** Opening Collected material block **

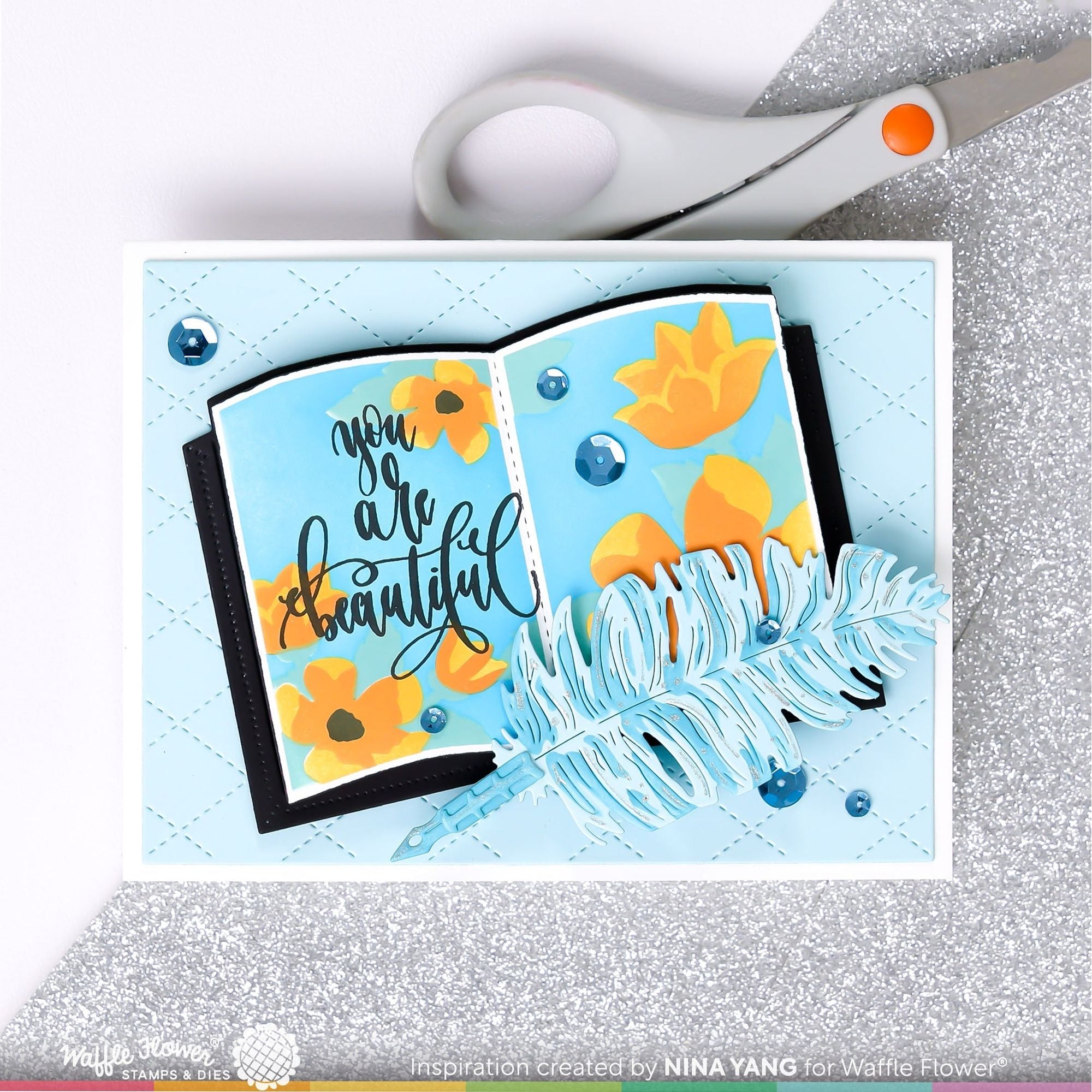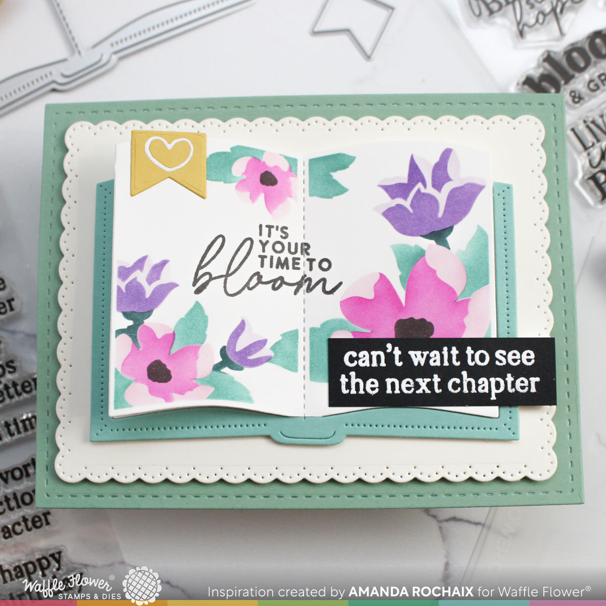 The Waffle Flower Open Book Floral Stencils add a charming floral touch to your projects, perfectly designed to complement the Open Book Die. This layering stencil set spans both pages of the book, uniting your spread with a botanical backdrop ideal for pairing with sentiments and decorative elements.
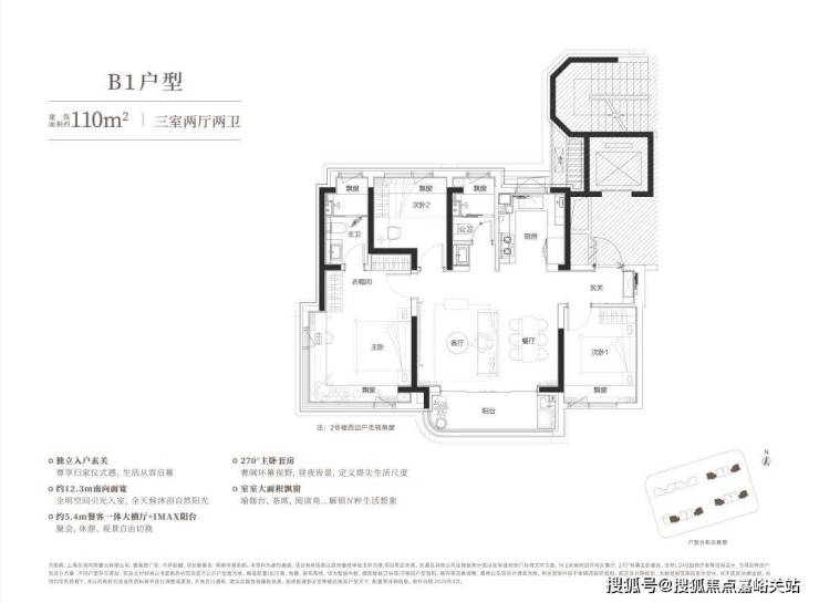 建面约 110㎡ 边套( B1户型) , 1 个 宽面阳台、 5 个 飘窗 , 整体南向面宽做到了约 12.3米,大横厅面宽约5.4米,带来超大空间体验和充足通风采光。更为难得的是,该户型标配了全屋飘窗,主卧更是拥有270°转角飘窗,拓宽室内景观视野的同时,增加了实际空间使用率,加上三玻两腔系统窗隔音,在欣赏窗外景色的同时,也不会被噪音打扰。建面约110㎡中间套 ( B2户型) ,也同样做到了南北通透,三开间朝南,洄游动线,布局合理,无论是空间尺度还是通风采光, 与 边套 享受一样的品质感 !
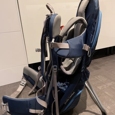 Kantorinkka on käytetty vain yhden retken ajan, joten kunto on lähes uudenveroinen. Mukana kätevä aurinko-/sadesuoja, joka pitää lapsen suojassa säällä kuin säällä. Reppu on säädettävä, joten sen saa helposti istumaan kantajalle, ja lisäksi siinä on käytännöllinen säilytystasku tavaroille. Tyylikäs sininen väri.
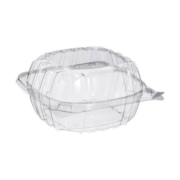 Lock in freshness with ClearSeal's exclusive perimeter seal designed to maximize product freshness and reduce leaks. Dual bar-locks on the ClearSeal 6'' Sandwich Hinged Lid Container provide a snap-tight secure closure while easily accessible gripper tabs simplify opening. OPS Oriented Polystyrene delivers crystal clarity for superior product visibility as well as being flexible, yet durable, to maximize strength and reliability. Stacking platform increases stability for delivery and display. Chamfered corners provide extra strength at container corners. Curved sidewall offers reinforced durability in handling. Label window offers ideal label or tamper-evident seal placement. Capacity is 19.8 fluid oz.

** Closing Collected material block **

Brief: Leaving every picture aside, repeat the listing exactly.

Result:
 The Waffle Flower Open Book Floral Stencils add a charming floral touch to your projects, perfectly designed to complement the Open Book Die. This layering stencil set spans both pages of the book, uniting your spread with a botanical backdrop ideal for pairing with sentiments and decorative elements.
 建面约 110㎡ 边套( B1户型) , 1 个 宽面阳台、 5 个 飘窗 , 整体南向面宽做到了约 12.3米,大横厅面宽约5.4米,带来超大空间体验和充足通风采光。更为难得的是,该户型标配了全屋飘窗,主卧更是拥有270°转角飘窗,拓宽室内景观视野的同时,增加了实际空间使用率,加上三玻两腔系统窗隔音,在欣赏窗外景色的同时,也不会被噪音打扰。建面约110㎡中间套 ( B2户型) ,也同样做到了南北通透,三开间朝南,洄游动线,布局合理,无论是空间尺度还是通风采光, 与 边套 享受一样的品质感 !
 Kantorinkka on käytetty vain yhden retken ajan, joten kunto on lähes uudenveroinen. Mukana kätevä aurinko-/sadesuoja, joka pitää lapsen suojassa säällä kuin säällä. Reppu on säädettävä, joten sen saa helposti istumaan kantajalle, ja lisäksi siinä on käytännöllinen säilytystasku tavaroille. Tyylikäs sininen väri.
 Lock in freshness with ClearSeal's exclusive perimeter seal designed to maximize product freshness and reduce leaks. Dual bar-locks on the ClearSeal 6'' Sandwich Hinged Lid Container provide a snap-tight secure closure while easily accessible gripper tabs simplify opening. OPS Oriented Polystyrene delivers crystal clarity for superior product visibility as well as being flexible, yet durable, to maximize strength and reliability. Stacking platform increases stability for delivery and display. Chamfered corners provide extra strength at container corners. Curved sidewall offers reinforced durability in handling. Label window offers ideal label or tamper-evident seal placement. Capacity is 19.8 fluid oz.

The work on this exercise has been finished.